The study will provide an overview of concrete opportunities to increase investment in sustainable energy in Malawi. A report will be produced in approximately 6 months time which will address how to generate the required public and private investment to reach universal access. Today’s kickoff meeting brought together different stakeholders in the renewable energy sector, to align common goals and discuss lessons learnt and ways forward.
The initiative has been jointly commissioned by the Government of Malawi’s Ministry of Natural Resources, Energy and Mining and the United Nations Office of the High-Representative for Least Developed Countries, Landlocked Developing Countries and Small Island Developing States (UN-OHRLLS). The Rocky Mountain Institute is carrying out the study and UN Malawi is providing vital support.
“Every Malawian deserves full access to energy, to an adequate and reliable level of power that allows a home to affordably operate, for children to study, food to be kept from perishing, enough for a dignified and healthy life,” said Ms. Fekita ‘Utoikamanu, Under-Secretary-General and High-Representative for Least Developed Countries, Landlocked Developing Countries and Small Island Developing States.
“Malawi has an abundance of resources with which a sustainable energy sector could thrive. This study is intended to highlight the areas for investment in order to ultimately achieve energy access for all and leave no one behind as we strive to meet Sustainable Energy Goal 7.”
Currently, only 11% of Malawi’s population has access to electricity, 46% in urban areas and in rural areas this figure is at 2%. At present just 7% of the total energy consumed in Malawi is renewable energy.
“The Government of Malawi, through the Ministry of Natural Resources, Energy and Mining, is very pleased to partner with the United Nations on this timely study. Access to modern energy is an important issue for all Malawians and investment in the modern energy sector is key for the country’s future development,” said Mrs Chimwemwe Gloria Banda, Chief Director for Energy.
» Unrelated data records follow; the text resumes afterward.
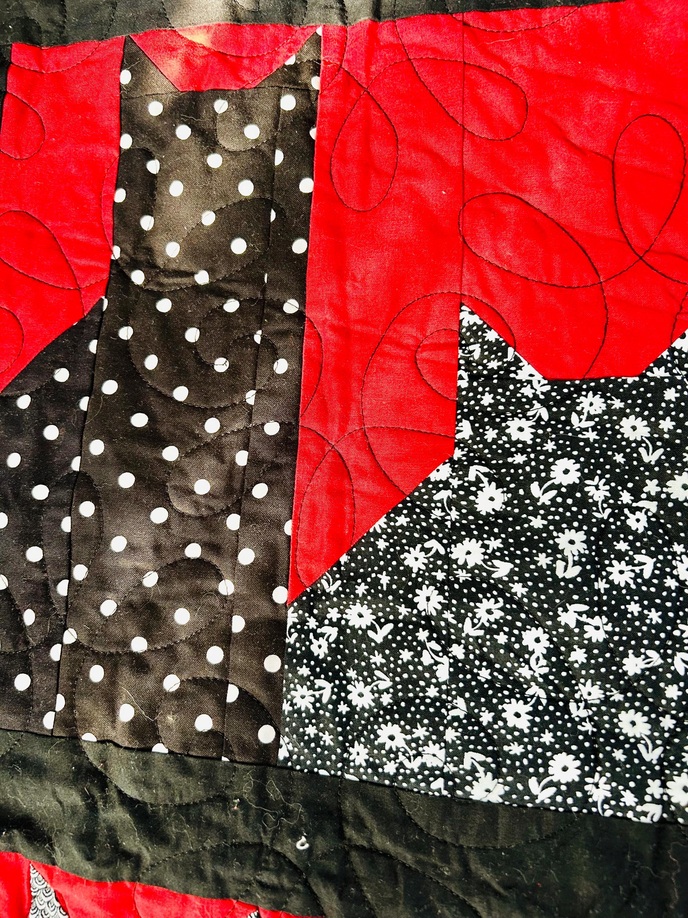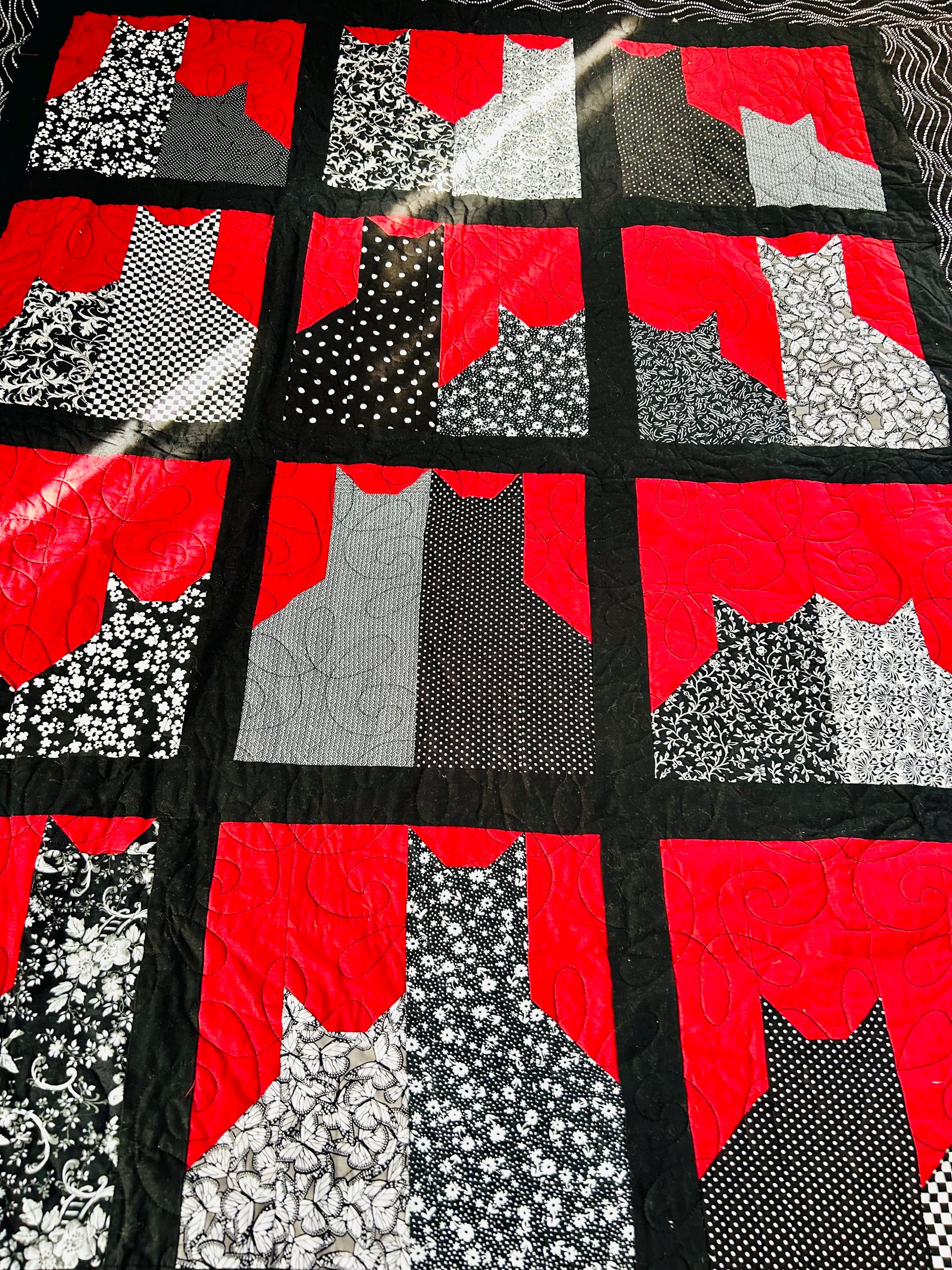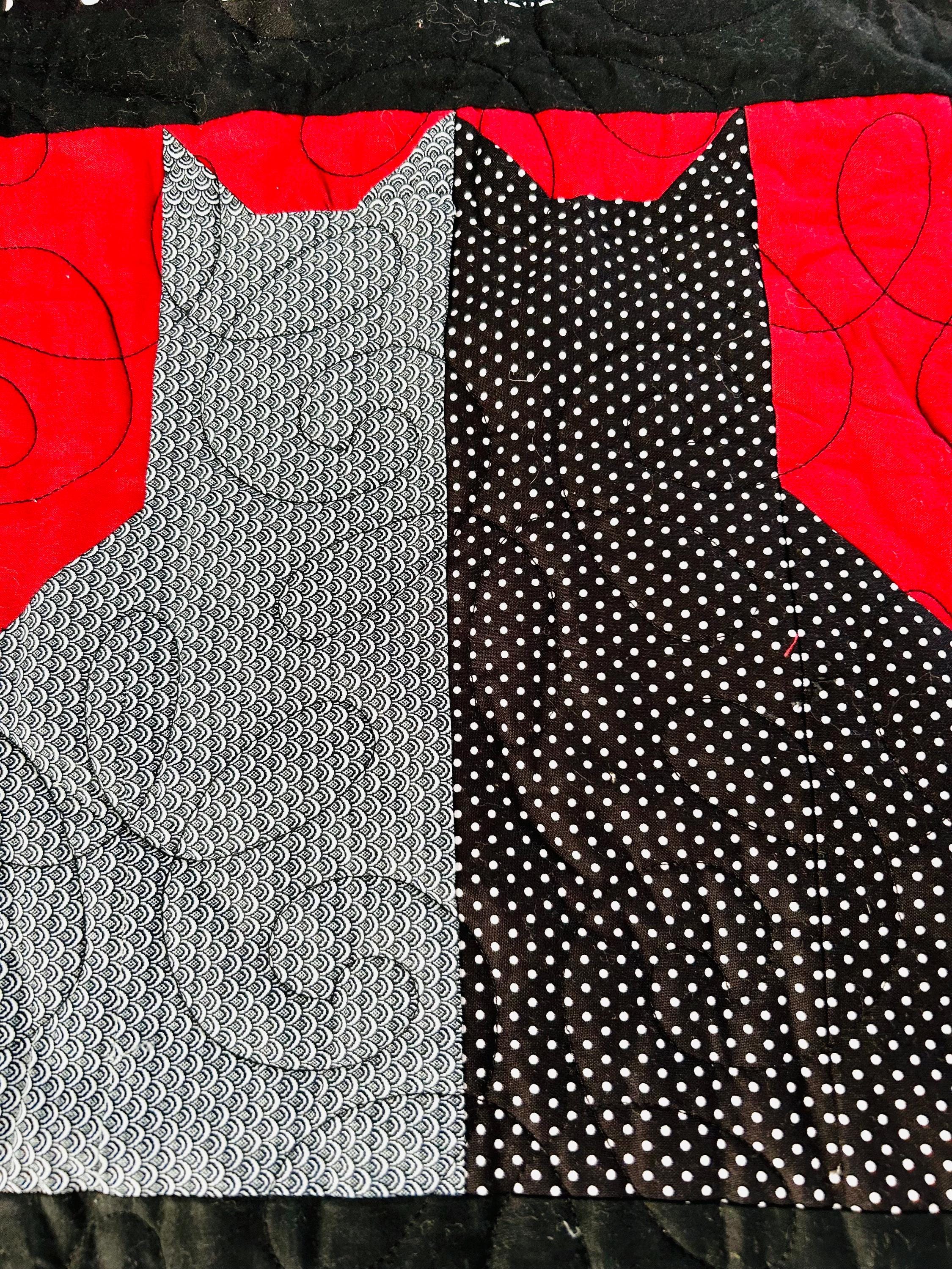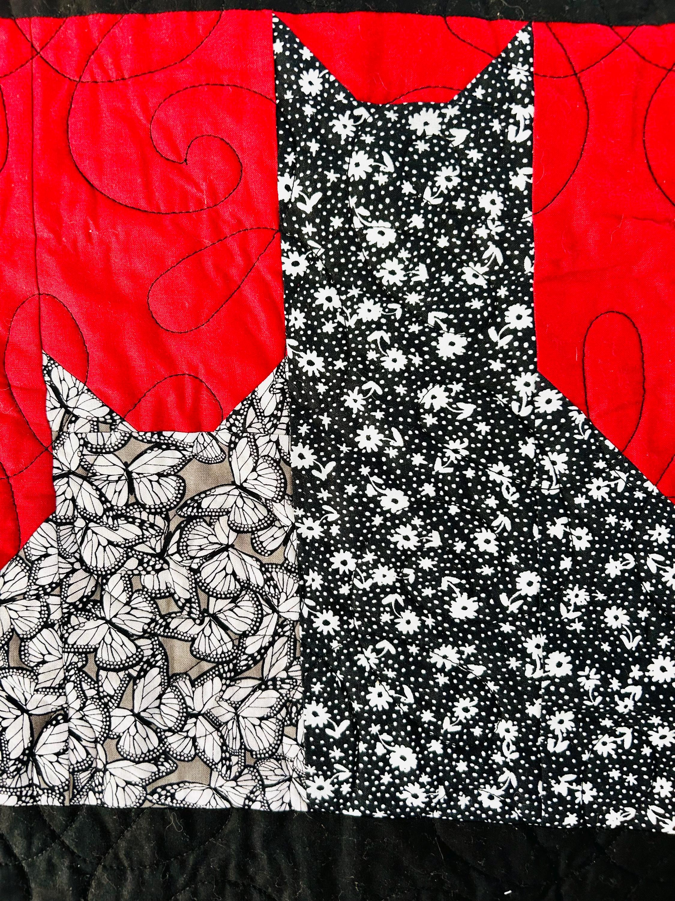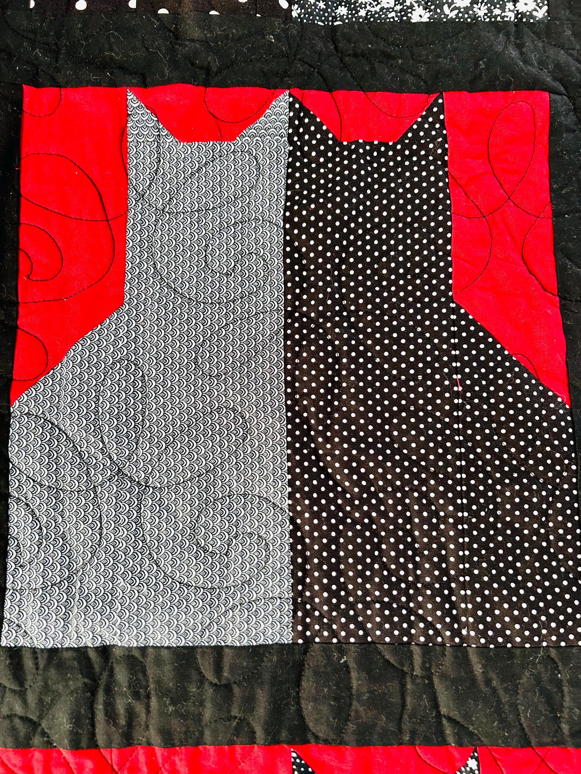 Details • Pattern: Cats in the Window (stylized cat silhouette blocks) • Date: 2016 • Size: 55” x 68” (Nap / Throw size) • Materials: Cotton fabrics and lightweight batting • Colors: Black, white, and red • Construction: Machine pieced and longarm quilted • Quilting: Free-motion swirl quilting with curlicues • Backing: Coordinating black fabric with white dotted wave pattern • Binding: Black binding, machine-and-hand-finished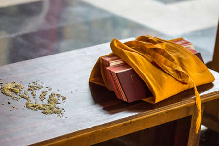 Coorg, India - October 29, 2013: Inside Padmasambhava Vihara of Namdroling Buddhist Monastery. Set of prayer books of monk or nun, captured in ochre fabric, displayed on bench with rice kernels.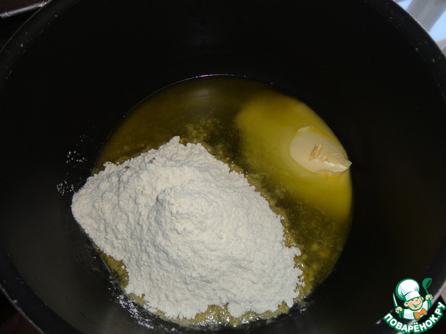 Далее делаем бешамель. Для этого в большую кастрюлю кладем наши масла и ставим на огонь. Когда сливочное масло почти растопится, добавляем 8 ложек муки.
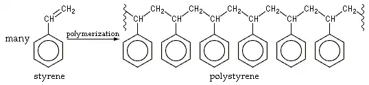 Le comportement du styrène vis-à-vis des réactions de polymérisation est assez inhabituel : il peut subir des polymérisations de type radicalaire, tout comme des polymérisations anioniques ou cationiques. Il peut ainsi copolymériser avec du chlorure de fer par polymérisation cationique. Le styrène seul polymérise par un mécanisme radicalaire pour former le polystyrène. Cette dernière réaction est initiée plus facilement en présence d'un catalyseur (plus exactement un initiateur dans le cas du polystyrène), de type peroxyde la plupart du temps.

As the youngest and fastest-growing continent, Africa’s population will double in the coming decades to some two billion people, and demand for energy will increase accordingly.
To ensure the attainment of the United Nations’ Sustainable Development Goal 7 in Africa by 2030, investments of approximately US$ 34.2 billion per year are needed across the continent.
UN-OHRLLS represents vulnerable countries within the UN system. There are 47 least developed countries, 32 of which are in Africa, including Malawi. Least Developed Countries are at the bottom of the development ladder, with low human development, low income and economic growth and high degree of vulnerability. As such they remain at the centre of global development challenges. Reliable access to sustainable energy stands to strengthen multiple elements outlined in the Sustainable Development Goals in areas including climate action, health, education, water and food security and women’s empowerment.